Task goal.
Take the line containing "Waffle knit sweater" through the last line of the data and retype those lines exactly. Pictures do not belong in the copy.

Data.
--------

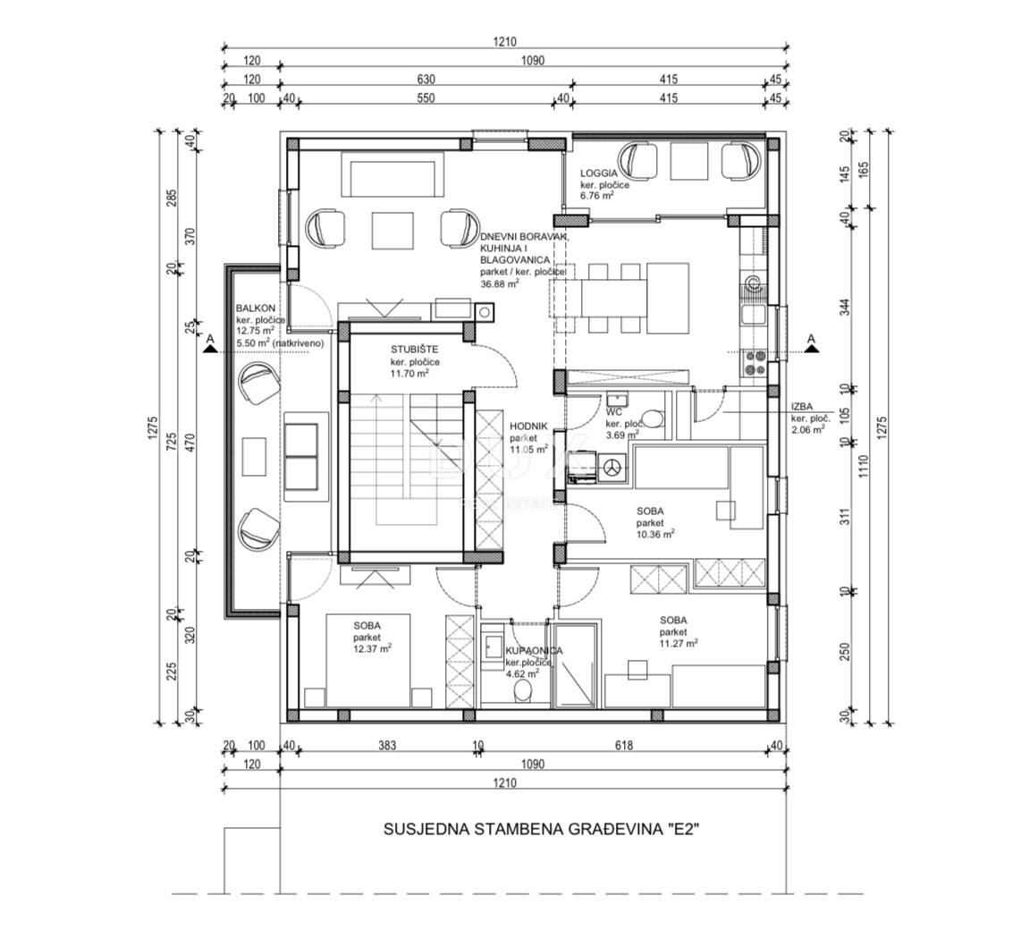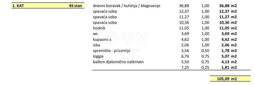 Ukupno: 115,37 m² (s koef. = 105,09 m²)
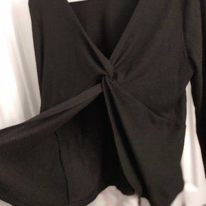 Waffle knit sweater with a twisted knot beneath the bust. Wear with any tank top or T-shirt for a pop of color.
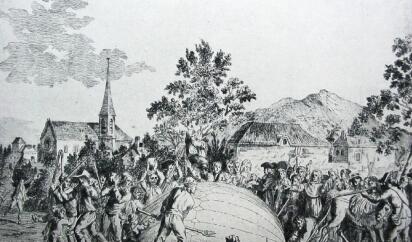 △ 1783年--雅克·查爾斯(Jacques Charles,工程師)用波義耳的方法制造氫氣。他們耗費(fèi)了250千克的硫酸和500千克的鐵,生成的氫氣被巧妙地填充進(jìn)了一個(gè)直徑3.7m的浸膠織物氣球中。一切準(zhǔn)備就緒后,氣球于1783年8月26日晚秘密被送至戰(zhàn)神廣場(chǎng)。乘坐氫氣球“ La Charlière”號(hào)進(jìn)行了首次飛行。雅克·查爾斯(Jacques Charles)和助手羅伯特兄弟實(shí)現(xiàn)了第一次無(wú)人的氫氣球飛行。

--------

Written solution.
 Waffle knit sweater with a twisted knot beneath the bust. Wear with any tank top or T-shirt for a pop of color.
 △ 1783年--雅克·查爾斯(Jacques Charles,工程師)用波義耳的方法制造氫氣。他們耗費(fèi)了250千克的硫酸和500千克的鐵,生成的氫氣被巧妙地填充進(jìn)了一個(gè)直徑3.7m的浸膠織物氣球中。一切準(zhǔn)備就緒后,氣球于1783年8月26日晚秘密被送至戰(zhàn)神廣場(chǎng)。乘坐氫氣球“ La Charlière”號(hào)進(jìn)行了首次飛行。雅克·查爾斯(Jacques Charles)和助手羅伯特兄弟實(shí)現(xiàn)了第一次無(wú)人的氫氣球飛行。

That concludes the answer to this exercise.